Lo scienziato positivista
Attraverso studi severi, Carrel, ancora giovanissimo, divenne un medico competente e un inventore geniale; lavorava presso la facoltà di Medicina di Lione occupandosi soprattutto di anatomia e di scienze sperimentali, e, con uguale interesse, di pedagogia. Si convinse che al di fuori del “metodo positivo” non esisteva certezza alcuna. Il Positivismo sembrava soddisfare interamente il suo spirito, ma nel fondo del suo cuore si celava una segreta sofferenza: la sensazione di soffocare in un cerchio troppo stretto il bisogno insaziabile di “certezza certa”. Si impegnò con successo nella ricerca scientifica, che era il suo orgoglio di medico e di inventore. La bellezza e l’armonia del corpo umano lo affascinavano: era questo, nella sua piccolezza e nella sua grandezza, qualcosa di unico da conoscere, da indagare, eppure il corpo umano era destinato alla corruzione. Perché? Sarebbe davvero tutto finito nella tomba? Lo scienziato che si illudeva di essere soddisfatto dalla scienza, si poneva delle domande profonde: Chi siamo? Da dove veniamo, e dove andiamo? Domande che, prima o poi, affiorano nell’anima di ogni uomo. “Domande senza senso – insegnava il positivismo –, da buttar via al più presto”. Carrel se le poneva. E non aveva risposta. Il suo orizzonte si stringeva, ed era un tormento, perché lui, in fondo, voleva spingere il suo sapere “più in là”. 
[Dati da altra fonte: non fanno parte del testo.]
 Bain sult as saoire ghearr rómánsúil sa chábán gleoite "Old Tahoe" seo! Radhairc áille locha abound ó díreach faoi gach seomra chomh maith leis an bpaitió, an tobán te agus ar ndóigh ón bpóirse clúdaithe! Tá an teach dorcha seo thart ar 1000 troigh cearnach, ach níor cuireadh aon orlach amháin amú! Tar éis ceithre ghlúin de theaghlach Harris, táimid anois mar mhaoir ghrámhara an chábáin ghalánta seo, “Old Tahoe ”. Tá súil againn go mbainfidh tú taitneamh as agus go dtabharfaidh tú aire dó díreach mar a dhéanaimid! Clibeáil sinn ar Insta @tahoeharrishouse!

Proprio in quegli anni, Lourdes attirava gente da ogni parte d’Europa e da più lontano ancora: erano soprattutto i sofferenti nel corpo e nello spirito, che andavano alle falde dei Pirenei a parlare di sé alla “bianca Regina” apparsa in una grotta a Bernadette Soubirous nel 1858. Tra questi malati, c’era chi tornava a casa guarito e chi, pur non essendo guarito, ritornava consolato, pronto ad accettare, persino ad amare, la croce aspra della malattia e della morte.
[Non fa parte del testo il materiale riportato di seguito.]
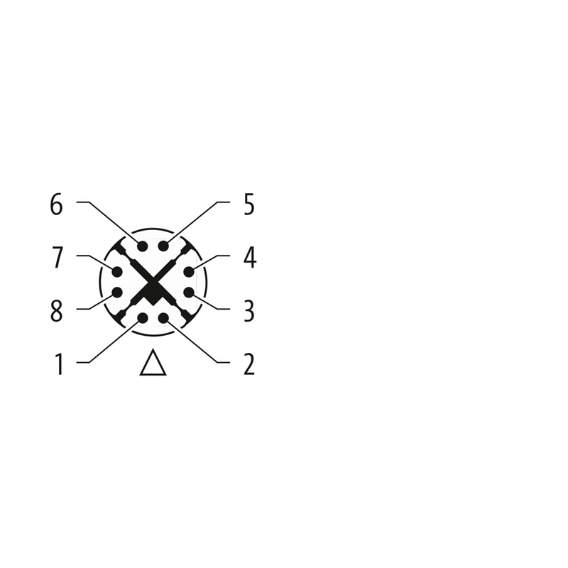 • Raccordement A: Connecteur M12, mâle, droit, 8 pôles, codé-X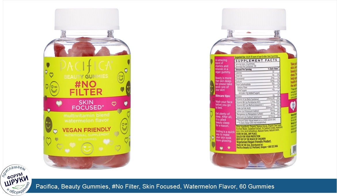 Друзья, если у вас есть отзыв/дополнение/комментарий/вопрос относительно Pacifica, Beauty Gummies, #No Filter, Skin Focused, Watermelon Flavor, 60 Gummies - напишите его ответом в эту тему (это будет полезно всему сообществу в целом и вам в отдельности).

Negli ambienti medici, si discuteva sul “fenomeno Lourdes”: c’era chi credeva al miracolo, e chi si rifiutava di credervi. Il dottor Carrel rifletté a lungo sui fatti di Lourdes. Nel 1903 decise di partecipare, in qualità di medico, a un pellegrinaggio a Lourdes. Di questa esperienza, che sarà decisiva per la sua vita, egli lasciò un resoconto oggettivo che pubblicò con il titolo Viaggio a Lourdes. Nel riportare i fatti che seguono ci riferiremo a questo libro. 


Il cerchio si rompe
Il treno era pieno di ammalati. Alcuni medici, tra i quali il dottor Carrel, prestavano loro assistenza. Nel cuore, ognuno portava una speranza: la guarigione che la Madonna avrebbe potuto concedere loro. Tutti erano certi di tornare a casa più capaci di accettare la vita con i suoi dolori. Il dottor Carrel vi si recava per un solo interesse: esaminare i malati per vedere se c’erano in loro dei reali miglioramenti dopo essere stati a Lourdes.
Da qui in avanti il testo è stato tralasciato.